I looked back in my messages on FB, there were only about 6 or so conversations since 2008. This is probably really more of me inventing something that isn't reality. We were just out, nothing happened, I didn't want anything to happen. 

Maybe it was that sparky-ness combined with an active sense of a certain risqué-ness that I liked?
I dont want to be some other woman's go-to guy and I don't want some lady friend for sex on the side.

I feel like I have a very good life with my wife and I dont want to be a jerk who goes looking for a flirt for some extra/unneeded validation. 
Maybe there is no middle ground with anything like this.
_Posted via Mobile Device_


----------



## Hope1964 (Sep 26, 2011)

fordracing01 said:


> Maybe there is no middle ground with anything like this.
> _Posted via Mobile Device_


Take out the word 'maybe' and you've hit the nail on the head.

Do not tempt fate, or yourself.

Seriously, read that book. It's awesome. Read it with your wife.


----------



## sigma1299 (May 26, 2011)

fordracing01 said:


> Maybe there is no middle ground with anything like this.
> _Posted via Mobile Device_


Not really.

Here's what I'd tell you based on my experience. Like I said - my wife and I both believed our marriage was great when my EA started. It took the crisis of my affair for us both to realize that we had both been taking our relationship for granted. We had both stopped dating each other or being each others boyfriend/girlfriend for lack of a better description. We both missed that "spark" that had been in our relationship - we just didn't realize we missed it. 

Regardless of how great a life you have, of how wonderful your marriage is - something is missing. Either in you or in the marriage. IMO the advice about discussing it with your wife is good. Talk to her and figure out what's missing then fix it. Odds are that what ever it is she's missing it to, even if she doesn't know it. What you are doing is filling what's missing with flirty interaction with these OW. Focus on your wife and build that with her - date her, build intimacy. My wife will tell you today that my affair was worth it because we have now reconnected and our marriage is better than it's ever been - but it came at a damned high price. 

Get the book, "His Needs, Her Needs" and both of you read it.


----------



## fordracing01 (May 7, 2012)

thanks for the comments/insights. 

i can't think of what would be missing...i am not a perfect husband meaning I am sure I get on her nerves from time to time and vice versa. we rarely have an argument. 

i wouldn't say its boredom either. i dont feel bored...sure...maybe it would be a little nicer to get to some more things together, but we have two kids. and we do have the ability to get kid-sitters alot, probably more than most of our other friends. 

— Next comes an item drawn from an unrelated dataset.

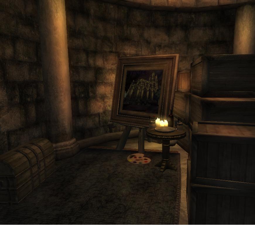 Dieses Bild zeigt das versteckte "Atelier" im Westturm von Schloss Chorrol.

what probably worries me most is...where are we in 15 more years? 

i look back at what i wrote...and I feel bad now 
i mean i have an attractive wife, we rarely argue, don't have much stress in our lifes, two kids......and I go on a pseduo-date with an ex-GF and kind of look forward to doing it again someday. yuck....

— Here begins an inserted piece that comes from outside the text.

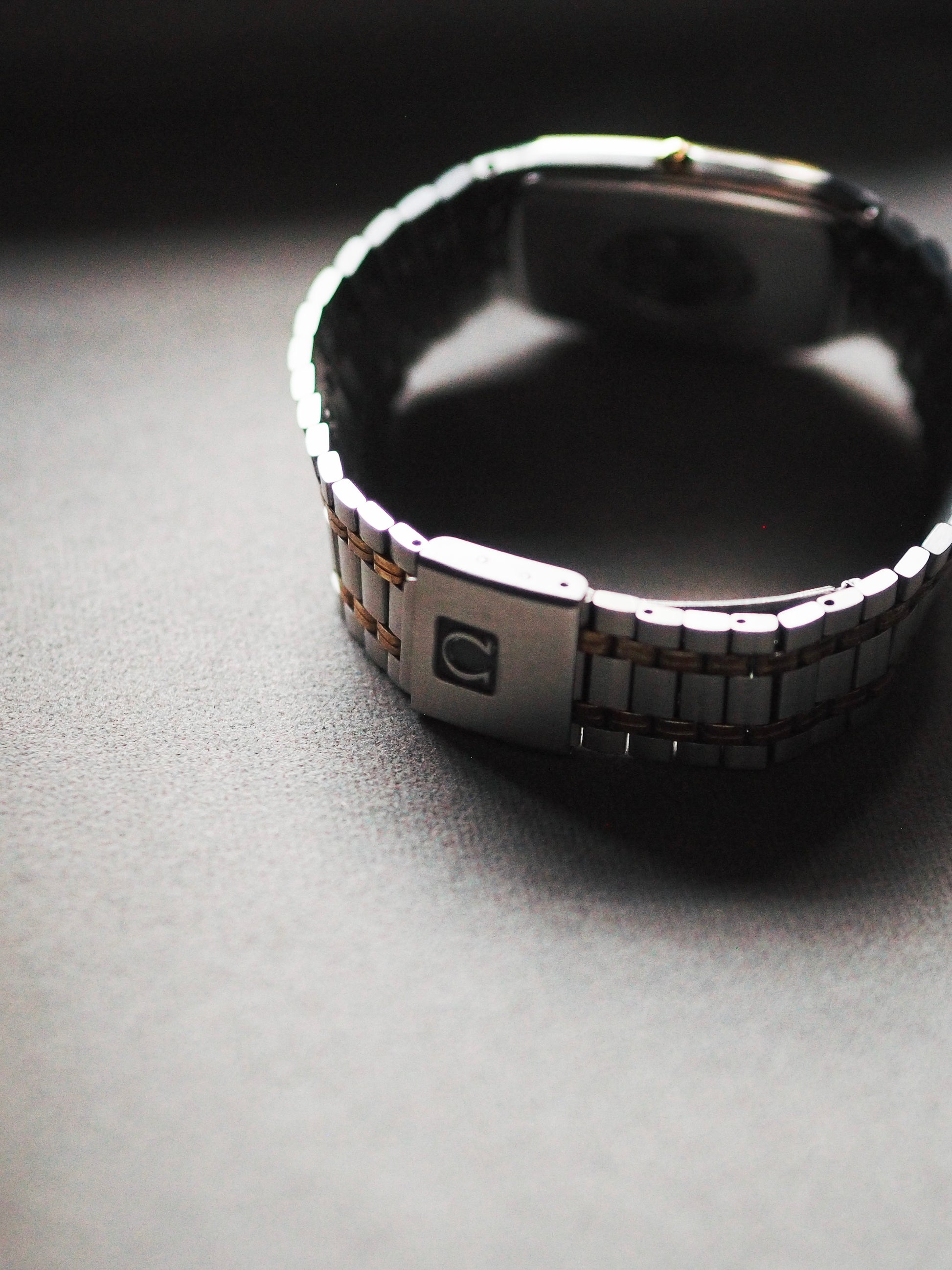 Features : two tone case and bracelet, collectible Omega Seamaster tank

i dont want to slowly move the line, i guess that is how it happens right? or at least one way.

i am 1000% certain that if the ex-gf/sister/etc texted me and basically said they wanted to hook-up/sex or racy messages, i would immediately halt that. maybe that isn't how it happens?


----------



## Hope1964 (Sep 26, 2011)

Read the books that have been suggested.


----------



## fordracing01 (May 7, 2012)

i will check them out for sure.


----------



## fordracing01 (May 7, 2012)

Recreational compatibility!
When I have been out with the sister and most recently with the ex-gf, it has been doing things that I really like doing.
With the ex, it was dinner and drinks, and basically cruising some old spots in my car.
I have several classic clars and they are a big passion of mine.
My wife likes one of them - which is actually my most favorite one as well.
But she is not a big fan of really riding in them. She keeps thinking about 1960's safety technology - or lack thereof 
Of course the ex-gf "absolutely loved it".....she even reminded me that her father had a car in storage and offered to track it down so we check it out together...I really just chalked that up to just conversation.
she also has a few food restriction issues, but that is not such a big deal. 

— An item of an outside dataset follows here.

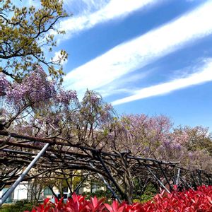 🌸藤の花と桜とベニカナメモチ🌸 先週、久しぶりに自転車でお買い物。 たまに外に出たら、 近所の藤の花が咲き始めていました。 藤の花の後ろでは、 まだ桜が頑張ってます😊 2020年4月撮影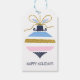 Modern ornamentglödlampa i stil Julgran i mitten av århundradet med oregelbundet rand i ljusblått, simulerat guld glitter, rosa och marint blått med vitt polka dots. Toppad med en simulerad faux glitter-båge och blå och rosa holly. Sätt på vitt fast. Anpassa med ditt namn eller meddelande i mörk blått teckensnitt för serif-handskrift.

My wife is a runner, she will go run 6 to 10 miles several days a week.
I can only run 2-3 
But we have been going on walks together for a while, that way she can still run and not be held back by me 

My wife and I do go out and do dinner and drinks too, and have a good time. But she isn't a big fan of hitting some bars and beers/etc - she likes the classy places. And so do I, we have gone to broadway shows together in NYC and I have fun too. But I also like the occasional bar/beer trips.
_Posted via Mobile Device_


----------



## CantePe (Oct 5, 2011)

If you have to ask on a forum board of anonymous people whether it's right or wrong - you have your answer.

When in doubt and all that jazz.


----------



## iheartlife (Apr 4, 2012)

Allow me to quote from His Needs, Her Needs for Parents, by Dr. Harley, a well-known marriage counselor who specializes in healing from infidelity:



> We all need to know that someone cares for us, and people commonly express that care through affection. When you hug someone, you send them a message: "You're important to me, and I'll care for you." Hugs that are given to friends, relatives, children, pets, and even stuffed animals, can communicate a simple message of care.
> 
> But intimate affection goes much further. It communicates the care needed in a romantic relationship. Studies have shown that one of the quickest ways to make someone fall in love with you is to say you care for them and then prove it by the way you treat them. That's because intimate affection meets a very important emotional need, especially in women.
> 
> ...


He doesn't say it in this section, but I would add: do not discuss your marriage with someone of the opposite sex, either. It is also a recipe for disaster.

You might be interested to know that one common way affairs start is by rescuing a damsel in distress. It's enjoyable to play the role of her rescuer. It's also dangerous and inappropriate.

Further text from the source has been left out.